Sepsis and Clinical decision support system:
Sepsis is one of the most common and fatal medical conditions associated with many patient deaths in the United States of America (Angus et al., 2001). Every year 50% of the patient death is associated to Sepsis(Apostolova & Velez, 2018). Most of these deaths are speculated to have occurred because the CDS system fails to identify the onset of the infection in a patient (Apostolova & Velez, 2018). Hence, an intervention to curb the infection by early detection is needed. In a study done at Rush University Medical Center, Chicago, IL, an attempt to standardize the early recognition and treatment workflow to reduce both mortality and cost of healthcare showed that the evidence based care facilitated improvement in the early recognition of sepsis (Dale, Barbee James, Casey, & Stein, 2016). Lab data and Vital data have been used to detect sepsis using SIRS and SOFA scores (Marik & Taeb, 2017). One of the most recent prediction model that has said to outrun both SIRS and SOFA scores is Insight, which is machine learning based algorithm (Mao et al., 2018).

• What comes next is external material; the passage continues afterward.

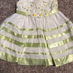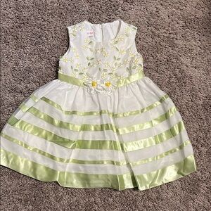 This charming kids dress features delicate floral embroidery on a white base with green accents. Perfect for special occasions, it combines elegance with comfort.

A number of algorithms have been created to identify Sepsis using combination unstructured notes and structured data. Utilizing nursing notes, in combination structured health data, to create an automated alert system achieved an high F1-score and showed promising results by detecting patients at risk of sepsis (Apostolova & Velez, 2018). Another similar study done to create an automated trigger for Sepsis in emergency showed massive success when the unstructured data was used in combination with structured data. The data was fed into a Natural language processing (NLP) algorithm and then a predictive model was built to accurately predict the cases of Sepsis from the data (Horng et al., 2017). The results of this research showed that when the NLP algorithms were introduced into the predictive model, the system became more sensitive and specific to detecting positive cases of sepsis. In the following research we will use a different set of health data together with notes data to explore the possibilities with NLP and try to identify cases of sepsis.
Goal of this paper:
With the help of Natural language Processing (NLP) we will explore how we can utilize the unstructured care givers notes to improve the sensitivity and specificity of the CDS towards detecting cases of patients at risk to sepsis. NLP concepts will be identified using literature review and an exploratory analysis will be done to understand how these concepts process the unstructured notes. The results obtained will be used to suggest further steps for building a more specific predictive model and reduce alert fatigue.
 Literature review:
Natural Language processing and clinical decision support system:
A service based CDS provide efficient support due to the involvement of machine-learning and data mining techniques (Wright & Sittig, 2008). In the recent years, CDS based on Natural language processing (NLP) has shown major breakthrough in care delivery. A number of pre-existing NLP based system such as cTakes are said to show massive success in understanding clinical notes and eventually delivering timely care (Savova, Masanz, et al., 2010). NLP is said to have the potential to drastically improve the three major components of CDS – clinical knowledge, interventions , and decision rules (Demner-Fushman, Chapman, & McDonald, 2009).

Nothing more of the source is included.